Framing willpower as long-term planning versus animalistic desires leads to the questionable conclusion that delaying gratification is not something other animals are capable of if other animals lack the evolutionarily newer neural structures required for rational long-term planning. Although certain aspects of willpower may be unique to humans, this framing misses the connection between willpower in humans and decision-making in nonhuman animals. All animals make decisions between actions that involve trade-offs in opportunity costs. In this way, the question of willpower is not “Why do people act sometimes like hedonic animals and sometimes like rational humans?” but instead, “What are the general principles by which animals make decisions about opportunity costs?” (Gintis, 2007; Kurzban, Duckworth, Kable, & Myers, 2013; Monterosso & Luo, 2010).

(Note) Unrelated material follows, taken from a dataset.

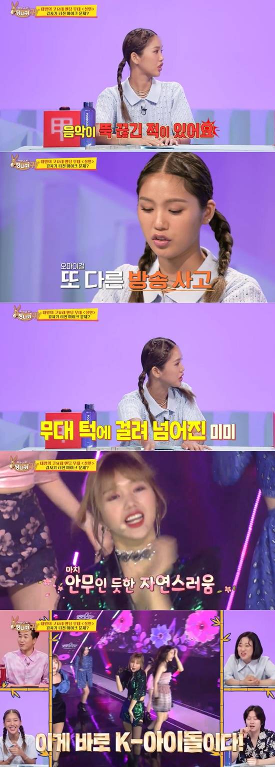 이날 미미는 방송 사고 경험을 묻는 질문에 "아무래도 공연을 많이 다니다 보니까 있다. 후렴 부분에서 갑자기 음악이 끊긴 거다. 멤버들이 무반주에 이어서 불렀다"라며 프로다운 대처 능력을 과시했다.
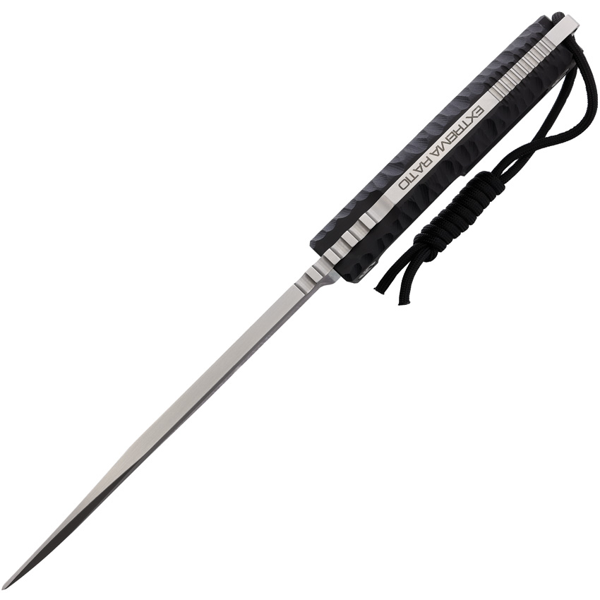 12″ (30.48cm) overall. 6.5″ (16.51cm) satin finish flat ground Bohler N690 stainless tanto blade. Black G10 handle. Full, extended tang. Lanyard hole. Glass breaker pommel. Black Cordura MOLLE compatible belt sheath. Blister sealed hang pack.

In evolutionary biology and psychology, life-history theory describes broad principles concerning how all organisms make decisions about trade-offs that are consistent with reproductive success as the sole driver of evolutionary change (Daly & Wilson, 2005; Draper & Harpending, 1982). This approach asks how recurrent challenges adaptively shape decisions regarding opportunity trade-offs. For example, in reliable environments, waiting to eat a second marshmallow is likely to be beneficial. However, in environments in which rewards are uncertain, such as when experimenters are unreliable, eating the single marshmallow right away may be beneficial (Kidd, Palmeri, & Aslin, 2013). Thus, impulsivity can be understood as an adaptive response to the contingencies present in an unstable environment rather than a moral failure in which animalistic drives overwhelm human rationality.